Given data:
▶

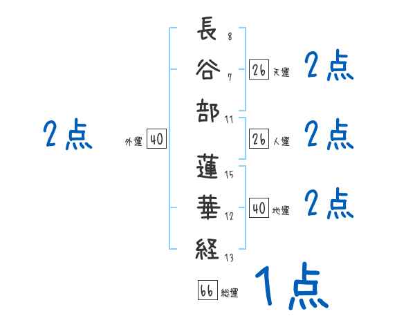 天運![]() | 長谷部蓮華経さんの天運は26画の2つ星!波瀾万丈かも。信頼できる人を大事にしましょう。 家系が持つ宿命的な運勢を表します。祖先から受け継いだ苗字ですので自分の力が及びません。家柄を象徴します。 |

◀
▶

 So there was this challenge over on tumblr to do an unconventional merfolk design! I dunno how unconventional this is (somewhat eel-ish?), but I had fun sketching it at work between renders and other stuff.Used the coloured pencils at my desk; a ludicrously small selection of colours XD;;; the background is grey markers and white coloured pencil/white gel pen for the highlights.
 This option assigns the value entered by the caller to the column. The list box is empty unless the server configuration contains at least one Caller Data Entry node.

◀

What you return should be exactly the lines above, starting at the one with "So there was" and ending at the one with "This option assigns", and nothing else.

 So there was this challenge over on tumblr to do an unconventional merfolk design! I dunno how unconventional this is (somewhat eel-ish?), but I had fun sketching it at work between renders and other stuff.Used the coloured pencils at my desk; a ludicrously small selection of colours XD;;; the background is grey markers and white coloured pencil/white gel pen for the highlights.
 This option assigns the value entered by the caller to the column. The list box is empty unless the server configuration contains at least one Caller Data Entry node.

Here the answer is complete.